Before the Labour party begins selecting candidates for the European elections in 2014 a serious effort needs to be made to attract candidates from ethnic minority backgrounds. The chronic under-representation of ethnic minorities in the EU parliament has reached such a height that it casts serious doubt on the ability of the chamber to properly represent voters.

The UK sends 72 MEPs to Brussels and Strasbourg; four come from ethnic minority backgrounds. Out of 736 MEPs 15 of them come from ethnic minority backgrounds.  We could squeeze them all onto a minibus.

At a time when the BRICS are the fastest growing economies in the world a European parliament that looks more like an imperial court than a 21st century legislative chamber hardly does much for Europe’s standing on the international stage. The scale of underrepresentation in the European parliament is intractable and will not be redressed with anti-discrimination laws alone. Affirmative action is needed if we’re going to overcome this diversity deficit.

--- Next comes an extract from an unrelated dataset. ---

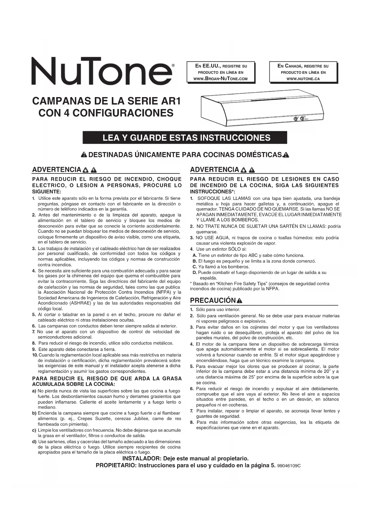 Descarga las instrucciones para tu Capucha en formato PDF gratis! Encuentra tus instrucciones AR130SS - NuTone y toma tu dispositivo electrónico nuevamente en la mano. En esta página están publicados todos los documentos necesarios para el uso de su dispositivo. AR130SS de la marca NuTone.
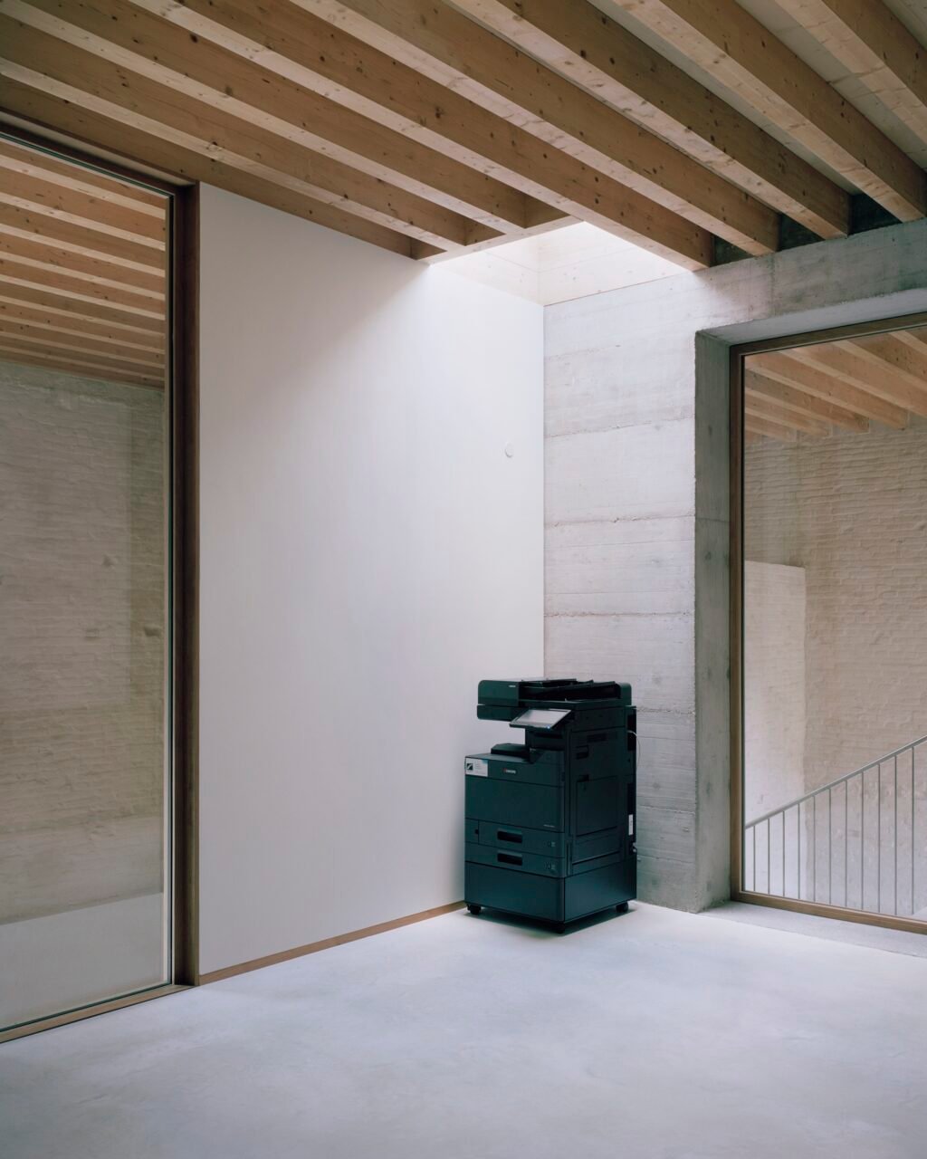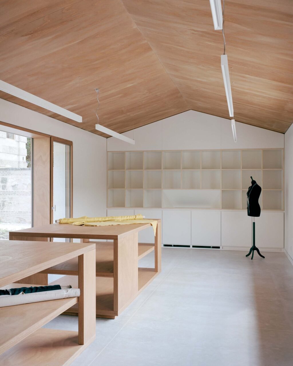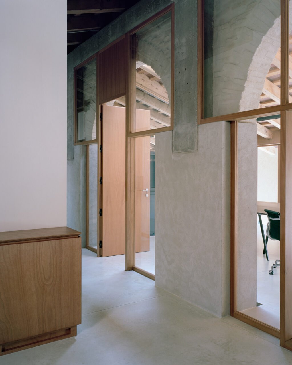 The offices continue in the new annex, a low-slung building with a sloped roof, to be in dialogue with yet still stand apart from the barchessa. Here, polished concrete floors and oiled wood surfaces create a luminous interior. Daylight filters in through glazing framed in wood, which responds to the language of the portico.

There are 13 Labour MEPs in the European Parliament – London’s Claude Moraes is our only ethnic minority MEP, the Liberal Democrats have none and the Conservatives 3. Regional parties should work closely with ethnic minority party members and sitting councillors to increase their exposure to European issues some years before the selection process.

This hasn’t happened and I doubt we’ll see a breakthrough in the coming year. When the UK sends two more ethnic minority representatives to the European Parliament than the BNP I think the time for access schemes and talking has finished. This is where Labour can make a difference.